**Your instructions**
Without including any pictures, copy every line below exactly.

**Data excerpt**
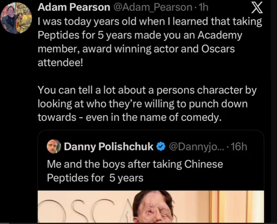 El famoso actor británico Adam Pearson respondió a un comentario del comediante Danny Polishchuk, quien realizó burlas sobre su apariencia tras su participación en los premios Oscar 2026.
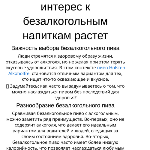Люди стремятся к здоровому образу жизни, отказываясь от алкоголя, но не желая при этом терять вкусовые удовольствия. В этом контексте пиво Holsten Alkoholfrei становится отличным вариантом для тех, кто ищет что-то освежающее и вкусное.
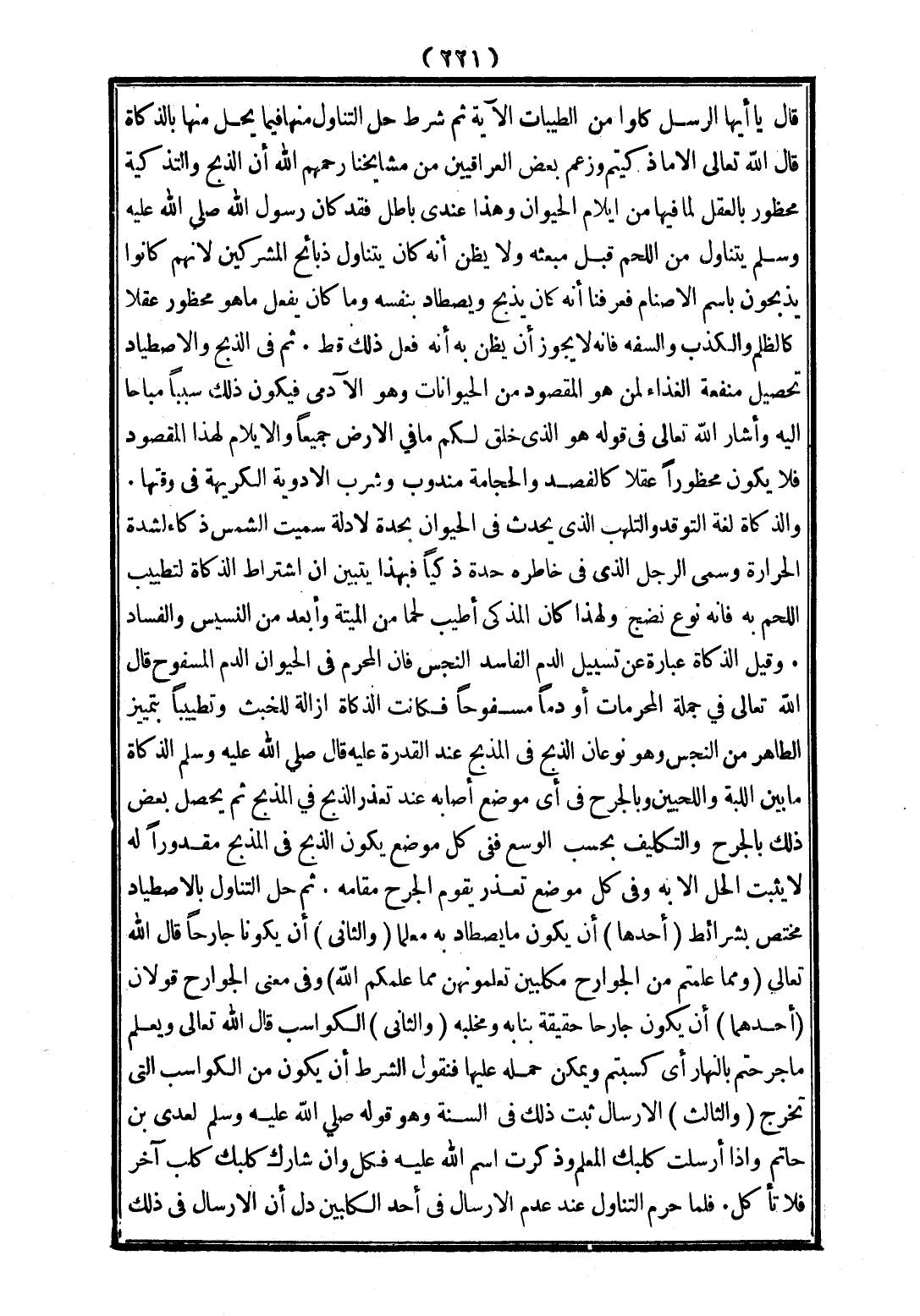 ثُمَّ شَرَطَ حِلَّ التَّنَاوُلِ مِنْهَا فِيمَا يَحِلُّ مِنْهَا بِالذَّكَاةِ قَالَ اللَّهُ تَعَالَى: {إلَّا مَا ذَكَّيْتُمْ} [المائدة: 3] وَزَعَمَ بَعْضُ الْعِرَاقِيِّينَ مِنْ مَشَايِخِنَا - رَحِمَهُمُ اللَّهُ - أَنَّ الذَّبْحَ وَالتَّذْكِيَةَ مَحْظُورٌ بِالْعَقْلِ لِمَا فِيهَا مِنْ إيلَامِ الْحَيَوَانِ، وَهَذَا عِنْدِي بَاطِلٌ فَقَدْ «كَانَ رَسُولُ اللَّهِ - صَلَّى اللَّهُ عَلَيْهِ وَسَلَّمَ - يَتَنَاوَلُ مِنْ اللَّحْمِ قَبْلَ مَبْعَثِهِ» وَلَا يُظَنُّ أَنَّهُ كَانَ يَتَنَاوَلُ ذَبَائِحَ الْمُشْرِكِينَ؛ لِأَنَّهُمْ كَانُوا يَذْبَحُونَ بِاسْمِ الْأَصْنَامِ فَعَرَفْنَا أَنَّهُ كَانَ يَذْبَحُ وَيَصْطَادُ بِنَفْسِهِ، وَمَا كَانَ يَفْعَلُ مَا هُوَ مَحْظُورٌ عَقْلًا كَالظُّلْمِ وَالْكَذِبِ وَالسَّفَهِ، فَإِنَّهُ لَا يَجُوزُ أَنْ يُظَنَّ بِهِ أَنَّهُ فَعَلَ ذَلِكَ قَطُّ، ثُمَّ فِي الذَّبْحِ وَالِاصْطِيَادِ تَحْصِيلُ مَنْفَعَةِ الْغِذَاءِ لِمَنْ هُوَ الْمَقْصُودُ مِنْ الْحَيَوَانَاتِ وَهُوَ الْآدَمِيُّ. فَيَكُونُ ذَلِكَ سَبَبًا مُبَاحًا إلَيْهِ، وَأَشَارَ اللَّهُ تَعَالَى فِي قَوْلِهِ: {هُوَ الَّذِي خَلَقَ لَكُمْ مَا فِي الْأَرْضِ جَمِيعًا} [البقرة: 29] وَالْإِيلَامُ لِهَذَا الْمَقْصُودِ، فَلَا يَكُونُ مَحْظُورًا عَقْلًا كَالْفَصْدِ وَالْحِجَامَةِ مَنْدُوبٌ، وَشُرْبُ الْأَدْوِيَةِ الْكَرِيهَةِ فِي وَقْتِهَا.

**Solution to the exercise**
 El famoso actor británico Adam Pearson respondió a un comentario del comediante Danny Polishchuk, quien realizó burlas sobre su apariencia tras su participación en los premios Oscar 2026.
Люди стремятся к здоровому образу жизни, отказываясь от алкоголя, но не желая при этом терять вкусовые удовольствия. В этом контексте пиво Holsten Alkoholfrei становится отличным вариантом для тех, кто ищет что-то освежающее и вкусное.
 ثُمَّ شَرَطَ حِلَّ التَّنَاوُلِ مِنْهَا فِيمَا يَحِلُّ مِنْهَا بِالذَّكَاةِ قَالَ اللَّهُ تَعَالَى: {إلَّا مَا ذَكَّيْتُمْ} [المائدة: 3] وَزَعَمَ بَعْضُ الْعِرَاقِيِّينَ مِنْ مَشَايِخِنَا - رَحِمَهُمُ اللَّهُ - أَنَّ الذَّبْحَ وَالتَّذْكِيَةَ مَحْظُورٌ بِالْعَقْلِ لِمَا فِيهَا مِنْ إيلَامِ الْحَيَوَانِ، وَهَذَا عِنْدِي بَاطِلٌ فَقَدْ «كَانَ رَسُولُ اللَّهِ - صَلَّى اللَّهُ عَلَيْهِ وَسَلَّمَ - يَتَنَاوَلُ مِنْ اللَّحْمِ قَبْلَ مَبْعَثِهِ» وَلَا يُظَنُّ أَنَّهُ كَانَ يَتَنَاوَلُ ذَبَائِحَ الْمُشْرِكِينَ؛ لِأَنَّهُمْ كَانُوا يَذْبَحُونَ بِاسْمِ الْأَصْنَامِ فَعَرَفْنَا أَنَّهُ كَانَ يَذْبَحُ وَيَصْطَادُ بِنَفْسِهِ، وَمَا كَانَ يَفْعَلُ مَا هُوَ مَحْظُورٌ عَقْلًا كَالظُّلْمِ وَالْكَذِبِ وَالسَّفَهِ، فَإِنَّهُ لَا يَجُوزُ أَنْ يُظَنَّ بِهِ أَنَّهُ فَعَلَ ذَلِكَ قَطُّ، ثُمَّ فِي الذَّبْحِ وَالِاصْطِيَادِ تَحْصِيلُ مَنْفَعَةِ الْغِذَاءِ لِمَنْ هُوَ الْمَقْصُودُ مِنْ الْحَيَوَانَاتِ وَهُوَ الْآدَمِيُّ. فَيَكُونُ ذَلِكَ سَبَبًا مُبَاحًا إلَيْهِ، وَأَشَارَ اللَّهُ تَعَالَى فِي قَوْلِهِ: {هُوَ الَّذِي خَلَقَ لَكُمْ مَا فِي الْأَرْضِ جَمِيعًا} [البقرة: 29] وَالْإِيلَامُ لِهَذَا الْمَقْصُودِ، فَلَا يَكُونُ مَحْظُورًا عَقْلًا كَالْفَصْدِ وَالْحِجَامَةِ مَنْدُوبٌ، وَشُرْبُ الْأَدْوِيَةِ الْكَرِيهَةِ فِي وَقْتِهَا.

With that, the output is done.